(THE PROBLEM): Everything from the line with "Fort Punta Christo" to the line with "Figure 2. Photo" in the listing below, both lines included, needs to be copied exactly, apart from the pictures.

(GIVEN DATA):
--- START ---

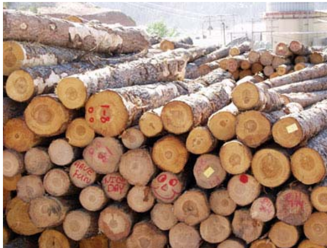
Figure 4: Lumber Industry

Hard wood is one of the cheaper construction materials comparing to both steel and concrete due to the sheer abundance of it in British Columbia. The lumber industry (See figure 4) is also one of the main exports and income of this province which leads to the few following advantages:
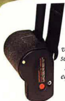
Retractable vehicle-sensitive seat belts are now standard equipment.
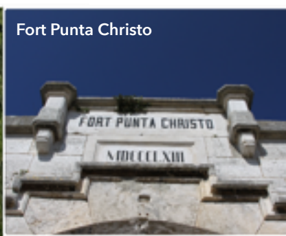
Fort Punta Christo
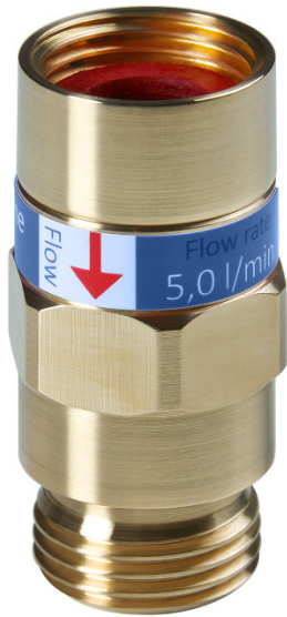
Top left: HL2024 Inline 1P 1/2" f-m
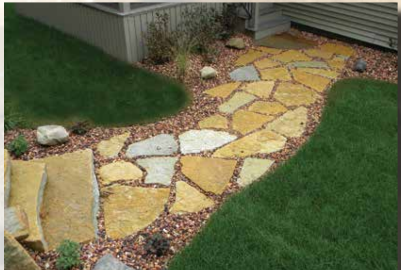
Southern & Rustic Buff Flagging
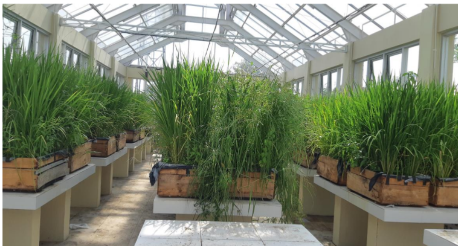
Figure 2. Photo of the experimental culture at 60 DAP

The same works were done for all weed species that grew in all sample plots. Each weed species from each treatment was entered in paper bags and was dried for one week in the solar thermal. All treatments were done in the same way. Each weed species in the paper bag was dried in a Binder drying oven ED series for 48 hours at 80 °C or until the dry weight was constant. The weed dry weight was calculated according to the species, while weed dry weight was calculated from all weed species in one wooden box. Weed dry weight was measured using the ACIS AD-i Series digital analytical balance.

--- END ---
--- START ---

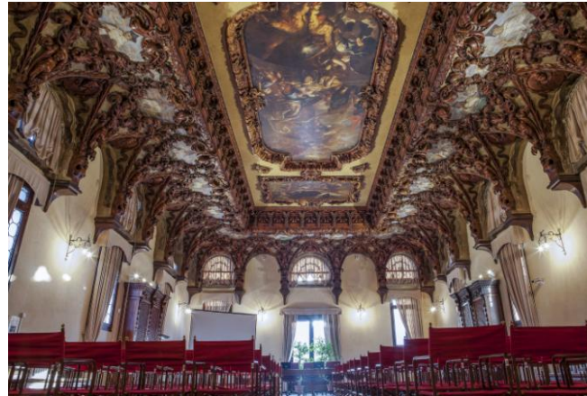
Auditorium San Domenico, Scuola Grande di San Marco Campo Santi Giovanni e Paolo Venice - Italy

--- END ---

(THE ANSWER):
Fort Punta Christo
Top left: HL2024 Inline 1P 1/2" f-m
Southern & Rustic Buff Flagging
Figure 2. Photo of the experimental culture at 60 DAP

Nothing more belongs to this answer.